I am not here, at this moment, to write a review of The Courage To Be, but rather I mention it here to entice you and to illustrate a point in a broader discussion. We are living in a new age of anxiety. A post-modern, presentist age where online algorithms push twenty-four hour news cycles and cultural binary gamification; it’s “fear of the other” and “what’s new” distractions, it’s mind games in the cyberspace pews of the Cult of Now. We are hooked to our digital devices, on a morphine drip of questionable (but rarely questioned) information. Passive receivers brainwashed into “true” believers, all fooled into the belief that we are thinking our own thoughts, forming our own opinions, mixing our own unique kool-aid. Instead, we have fallen victim to groupthink, to a narrowing of the cultural conversation, a limiting of the range of possibilities and an under-estimation of our human potential. But we are plugged in! We are in the know! We are in the Now! We are artificially intelligent.

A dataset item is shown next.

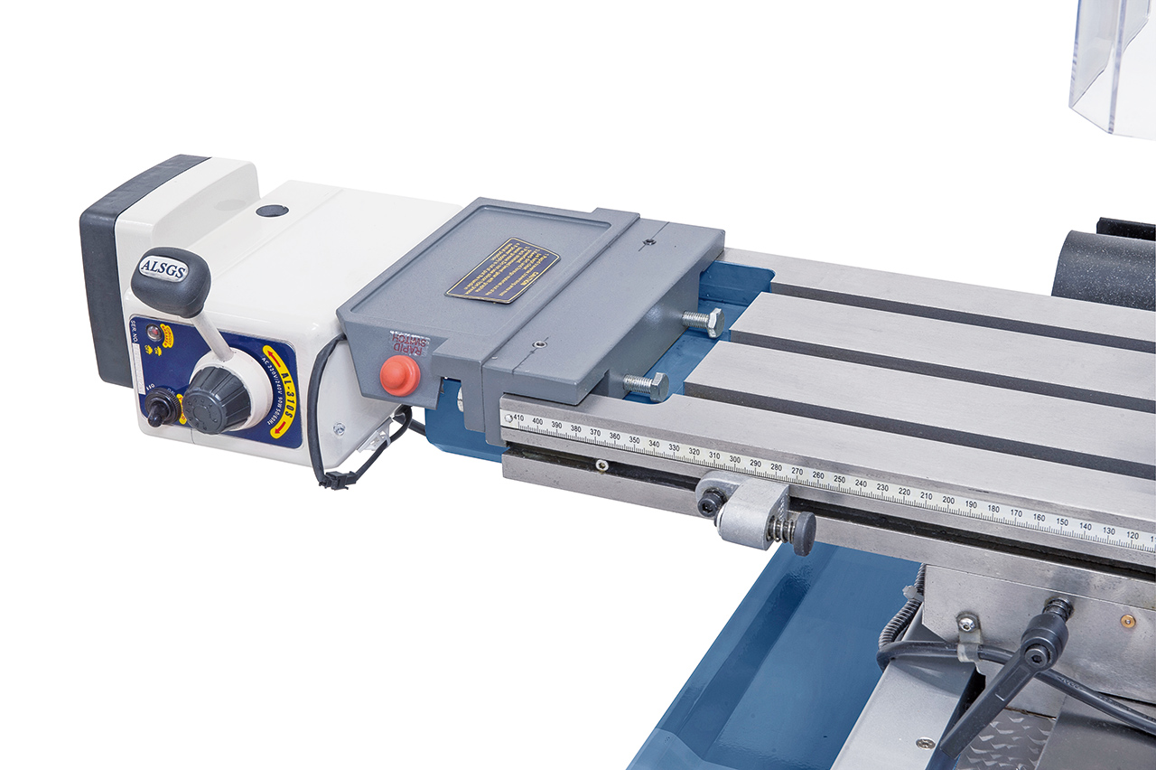 | Lieferumfang | Fräsmaschine Zahnkranz Bohrfutter 3-16mm / B16 Bohrfutterdorn MK3 / B16 Anzugsspindel M12 Schutzabdeckung Bedienerwerkzeug nur bei der Fräsmaschine mit Digitalanzeige (BN-02-1117) Digitalanzeigesystem ES-12V mit LCD-Display x - Achsenvorschub AL450D |

Our mistake is that we have narrowed the focal point on our cultural lens to such a degree that we can not see the forest for the trees, as the old saying goes. We are under the strange and myopic impression that the human story that we are all partaking in is a Netflix series that just came out last week, and which we can binge watch while laying in bed and scrolling through our instagram, instead of what it actually is: a huge, intimidating, sprawling sacred book full of intertwining  stories and layers of meaning, hidden truths, strange parables, paradox and supernatural wonders. That is our story. The world that we are now living in wasn’t born yesterday. If we want to understand it, if we want to be equipped to deal with it, then we have to be willing to go back to the beginning and read the sacred texts of the ancient world, the philosophies and mythologies of the Greeks, the Torah of the Hebrews, the New Testament, The Bhagavad-Gita, the Diamond Sutra. We have to follow the line through the middle ages and the mystics and alchemists and esotericists. We have to read Shakespeare and Dante and Kempis and Darwin and Spinoza and William Blake. We would do well to engage with Walt Whitman and Dorothy Day and E.E. Cummings and Teresa of Avila and Flannery O’Conner and Adorno and Jacques Ellul and Guy Debord and Aldous Huxley. Read Twain and Emerson and Baldwin and Eldridge Cleaver if you want to learn something about America. Read. Don’t listen to the audio book. In a time of mass confusion and mass distraction, we need to have the courage to unplug from the machine, the courage to broaden our view, the courage to explore the breadth of the human experience, the courage to read.